Welcome to CHEM80 - Numerical Methods for the Central Science
Harvey Mudd’s scientific computing for chemists course
Course Philosophy
CHEM 80 is an exploration of the signals, software, and storytelling behind modern chemistry research. This course is designed for students with some grounding in chemistry and computer science who want to delve deeper into the foundational and cutting-edge computational techniques used across chemistry, the "central science."
Chemistry is a field of signals - diverse and rich data sets that act as informational bridges, connecting chemical phenomena with the interpretable world. To make sense of measurable signals, we rely on the discipline of chemometrics. Chemometrics employs mathematical and statistical methods to derive meaningful information from chemical observations, enabling us to identify patterns and stories in complex datasets.

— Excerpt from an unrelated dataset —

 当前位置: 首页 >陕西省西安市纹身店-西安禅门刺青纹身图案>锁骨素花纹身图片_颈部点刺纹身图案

In this course, you will build foundational skills in signal processing, pattern recognition, and numerical modeling - techniques critical to analyzing, processing, and interpreting chemical data and designing instrumentation and experiments. In modern chemistry laboratories, software and instruments work hand-in-hand. Instrumentation coupled with commercial software often leaves much of the fundamental signal processing within a black box (you inject a sample, and out pops a crisp mass spectrum). In this course, we’ll work through the algorithms that are happening behind the scenes. We’ll demonstrate how, at their core, modern scientific computing techniques provide the backbone for sophisticated software structures inside our instruments.

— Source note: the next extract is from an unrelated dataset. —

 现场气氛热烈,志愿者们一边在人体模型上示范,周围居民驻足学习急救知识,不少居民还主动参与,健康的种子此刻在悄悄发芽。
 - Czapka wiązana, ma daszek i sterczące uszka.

How do we actually find the area under curves? Why do we periodically need to tell the software on the mass spec where our background is and where one peak stops and another starts? How come it sometimes gets the number of peaks wrong? Using Python, you’ll write your own software - writing numerical recipes to turn raw signals into chemically meaningful datasets.
Beyond data and data processing lies the art of scientific storytelling - the synthesis and translation of data into meaningful narratives. In this course, we’ll explore how we can use those signals - those datasets - not just to make sense of chemical phenomena but also to communicate these discoveries effectively. Drawn from the diverse sub-disciplines of our chemistry department – biochemistry, organic, inorganic, physical, and environmental - we’ll read published papers and use real datasets from Mudd faculty research programs and the literature. Through all of this, you’ll learn to interpret complex data and present results in coherent narratives, learning how to make publication-quality scientific figures that resonate with a larger audience.
Chemistry ⇔ Computing
While much of this course will be on developing the numerical methods that serve the chemical sciences, we will also study and contemplate the ways that fundamental chemistry has shaped computing and the potential it has to do so in the future. Selected readings will be chosen to demonstrate the power that innovation in chemistry has to shape computer science (from the Metropolis algorithm to Simulated Annealing, to chemically informed true or pseudo-random number generators, to (bio)-chemical and quantum computing).
Course material will be available soon!